It should be appreciated, however, that the refrigerant based heating system 40 is provided by way of example only. In other exemplary embodiments, for example, the dryer may instead include any other suitable means for cooling and dehumidifying the air from the drum 26, and any other suitable means for reheating the air to be provided to the drum 26. For example, in certain exemplary embodiments, the dryer may not include the refrigerant based heating system 40, and instead may include any suitable evaporator/heat exchanger for cooling and dehumidifying the air from the drum 26, and an electrical resistance heater, such as an electric coil, for reheating air to be provided to the drum 26. Operation of such a evaporator/heat exchanger may be similar to the evaporator 116 described above, except instead of cool refrigerant passing through condenser coils, relatively cool ambient air may be passed through the condenser coils. In such an exemplary embodiment, the heat exchanger and electrical resistance heater may be positioned in the heater casing 134 described above.

Referring now to FIG. 5, the dryer 10 is depicted further including a means for hindering a transfer of an extreme temperature condition from the drum 26 to the refrigerant based heating system 40. More particularly, FIG. 5 depicts the dryer 10 including a means for hindering a transfer of an extreme temperature condition from the drum 26 to the compressor 100, the evaporator 116, and the condenser 104 of the refrigerant based heating system 40. For the exemplary embodiment shown, the means for hindering the transfer of an extreme temperature condition is a shield 136 including a flame resistant material. The shield 136 is positioned within the dryer casing 12 between the compressor 100, the evaporator 116, the condenser 104, and the expansion device 113 of the refrigerant based heating system 40 and the drum 26 of the laundry dryer 10. More particularly, the drum 26 is positioned above the shield 136 along the vertical direction V of the laundry dryer 10, while the various components of the refrigerant based heating system 40 are positioned below the shield 134 along the vertical direction V of the laundry dryer 10. In such an exemplary embodiment the shield 136 may be positioned directly adjacent to, i.e., in contact with, the heater casing 134 enclosing the various components of the refrigerant based heating system 40. By contrast, however, the laundry dryer 10 may include a gap along the vertical direction V between the shield 136 and the drum 26.

Referring still to FIG. 5, the shield 136 includes a flexible material 138 positioned adjacent to the heater casing 134. In certain exemplary embodiments, the flexible material 138 of the shield 136 may be a fiberglass fabric material.
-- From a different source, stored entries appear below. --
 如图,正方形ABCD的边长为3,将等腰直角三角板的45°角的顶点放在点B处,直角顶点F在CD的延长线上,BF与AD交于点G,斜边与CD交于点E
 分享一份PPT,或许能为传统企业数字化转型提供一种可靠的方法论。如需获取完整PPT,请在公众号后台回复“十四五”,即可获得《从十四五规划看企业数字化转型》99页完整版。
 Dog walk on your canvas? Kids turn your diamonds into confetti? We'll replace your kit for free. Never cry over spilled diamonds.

However, in other exemplary embodiments, any other suitable flexible and flame resistant material 138 may be used. The flexible material 138 of the shield 136 may allow the shield 136 to conform to a shape of the refrigerant based heating system 40, or more particularly, to a shape of the heater casing 134 (as is depicted in FIG. 5).

The shield 136 also defines a perimeter 140, which in turn defines a shape that corresponds approximately to a perimeter of the refrigerant based heating system 40. For example, the perimeter 140 of the shield 136 is configured to extend around an outside of the electric motor 132 in a plane perpendicular to the vertical direction V, and accordingly the shield 136 defines a cutout portion 142 through which the electric motor 132 extends. Such a configuration may allow the electric motor 132 to receive a flow of ambient air to maintain a desired operating temperature. It should be appreciated that, as used herein, terms of approximation, such as “approximately” or “substantially,” refer to being within a 10% margin of error.
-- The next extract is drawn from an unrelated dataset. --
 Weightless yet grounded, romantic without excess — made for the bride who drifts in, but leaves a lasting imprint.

Moreover, the shield 136 depicted includes a frame 144 extending around at least a portion of the perimeter 140 of the shield 136. The frame 144 may be made of a rigid material, such as a metal or hard plastic. Alternatively, the frame may be made of a semi-rigid material, allowing for some flexibility or an increased elastic deformation, while still providing structure for the shield 136. For the exemplary embodiment of FIG. 5, the frame 144 extends around the entirety of the perimeter 140 of the shield 136. However, in other exemplary embodiments, the frame 144 may instead only extend around a portion of the perimeter 140 of the shield 136, such as along one side of the perimeter 140 of the shield 136 or along two opposing sides of the perimeter 140 of the shield 136. Inclusion of a frame 144 may assist in assembling the dryer 10, by keeping the shield 136 in a desired shape such that a user may simply place the shield 136 in position over the refrigerant based heating system 40 within the dryer casing 12.
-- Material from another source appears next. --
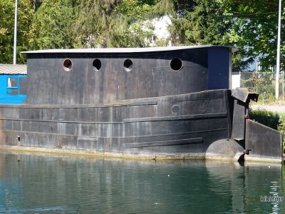Mes batteries étaient chargées ce jour de septembre 2012, quai Jacoutot à Strasbourg, voici donc ce bateau, dont j'ai appris aujourd'hui sur Facebook qu'il a été déchiré récemment (cet hiver d'après Alain E.) :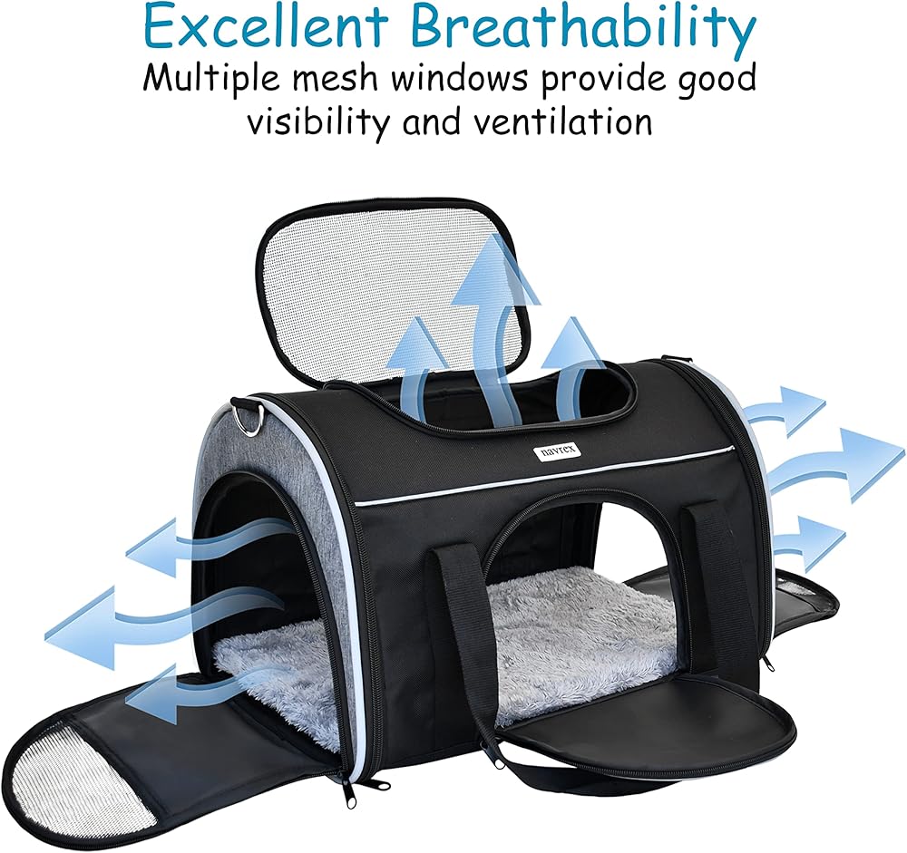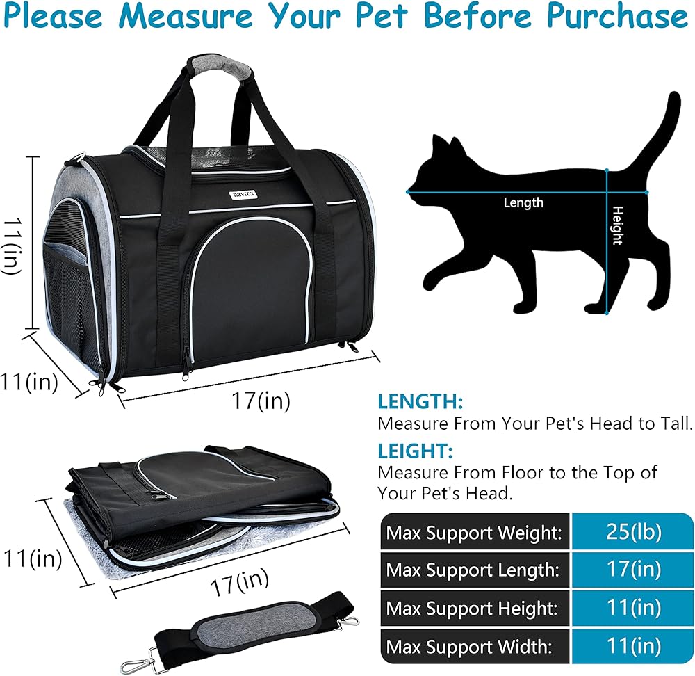 【أبعاد حامل الحيوانات الأليفة】45 سم طول × 27.94 سم عرض × 27.94 سم ارتفاع. يناسب حامل الحيوانات الأليفة الصغيرة والمتوسطة الحيوانات الأليفة في حدود 40.64 سم × 25.4 سم × 25.4 سم و10 كجم. يرجى الاتصال بالطائرة لضمان أبعاد حامل الحيوانات الأليفة قبل الطيران مع حيوانك الأليف.

Referring now also to FIG. 6, wherein a side schematic view of certain components of a portion of the dryer appliance 10 is depicted, the frame 144 of the shield 136 is attached to the dryer casing 12. The dryer casing 12 is depicted including a first bracket 146 extending along an inside surface 148 of side panel 18 in the transverse direction T, and a second bracket 150 (FIG. 5) extending along an inside surface 152 of the side panel 20, also in the transverse direction T. More particularly, for the embodiment shown, the first bracket 146 and second bracket 150 are each L-shaped brackets. The frame 144 is positioned on the first and second brackets 146, 150 to maintain the shield 136 in position. Moreover, in certain embodiments, the frame 144 may be attached to the first and/or second bracket 146, 150 using any suitable attachment means, such as, for example, by using bolts, screws, rivets, or any suitable epoxy.

The exemplary laundry dryer 10 of the present disclosure additionally includes a temperature sensor 154 positioned on or within the dryer casing 12. For the embodiment depicted in FIG. 5, the temperature sensor 154 is positioned above the shield 136 along the vertical direction V of the laundry dryer 10 on an inside surface 156 of the back panel 16. However, in other exemplary embodiments, one or more temperature sensors may additionally or alternatively be positioned below the shield 136 along the vertical direction V of the laundry dryer 10. The temperature sensor 154 may be any suitable temperature sensor, such as, for example, a thermocouple, a thermistor, a resistance thermometer, a bimetallic sensor, or any other suitable temperature sensor.

In certain exemplary embodiments, the temperature sensor 154 may be operatively connected to, e.g., the controller 72 of the laundry dryer 10. Accordingly, the laundry dryer 10 may be configured to cease operation when the temperature sensor 154 senses a temperature above a predetermined threshold. Ceasing operation of the laundry dryer 10 may stop an airflow through the drum 26 and through the refrigerant based heating system 40. Accordingly, ceasing operation of the dryer 10 may include ceasing operation of the first and second blowers 128, 130. Moreover, the predetermined threshold may be, for example, a temperature at which further operation of the laundry dryer 10 may cause damage to the laundry dryer 10, such as a temperature indicative of an extreme temperature condition, e.g., an ember, being present in the drum 26. For example, the predetermined threshold may be approximately 212° F.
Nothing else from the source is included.